At a glance: The security vulnerability CVE-2026-35273 exploitable in PeopleSoft PeopleTools is actively being attacked by the hacker group ShineyHunters.
Oracle has publicly disclosed a security flaw in PeopleSoft PeopleTools (CVE-2026-35273). Mandiant is already observing that the hacker group ShineyHunters is abusing the vulnerability for intrusion attempts.
Oracle published a warning regarding the security vulnerability CVE-2026-35273 in PeopleSoft PeopleTools. The flaw is currently being actively exploited, as documented by Mandiant (a subsidiary of Google and specialized in threat intelligence).
The hacker group ShineyHunters is deliberately using the vulnerability to gain unauthorized access to systems. This is particularly critical because PeopleSoft is deployed as a human resource management and financial system in many enterprise environments.

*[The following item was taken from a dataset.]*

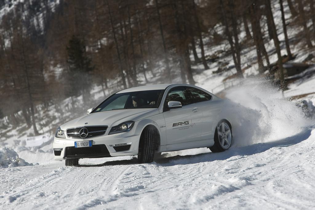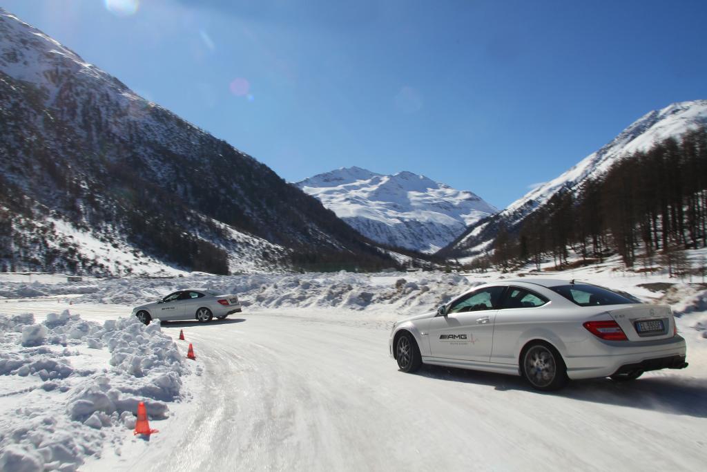 A differenza del corso AMG Base, il Corso AMG Neve, consente di approfondire le tecniche di guida sportiva su fondi a ridotta aderenza, permettendo di sfruttare le potenzialità delle vetture AMG anche su neve e ghiaccio. L’introduzione teorica, oltre ai fondamenti della fisica, verte soprattutto sui temi della tecnica di sterzata in curva, del punto di frenata e, più in generale, delle differenze nel comportamento dinamico dell’auto sul ghiaccio. Al centro di questa fase didattica anche il funzionamento dei sistemi di assistenza alla guida, le norme di sicurezza ed il comportamento idoneo per garantire uno svolgimento sicuro del training. La sessione in pista permette di testare in prima persona quanto appreso in aula. Nel 2015 sono previste due giornate di corso Neve presso l’impianto Snow Ice di Cortina D’Ampezzo.

Administrators and CISOs whose organizations operate PeopleSoft PeopleTools should take immediate action: deploy patches, monitor systems, and review access logs for suspicious activities. The active exploitation by a known hacker group underscores the urgency.
Source: borncity.com · Published 13 June 2026
Lumi AI News — AI-assisted curation pursuant to Art. 50 EU AI Act. Paraphrase and classification by Lumi News Pipeline v1.7.1.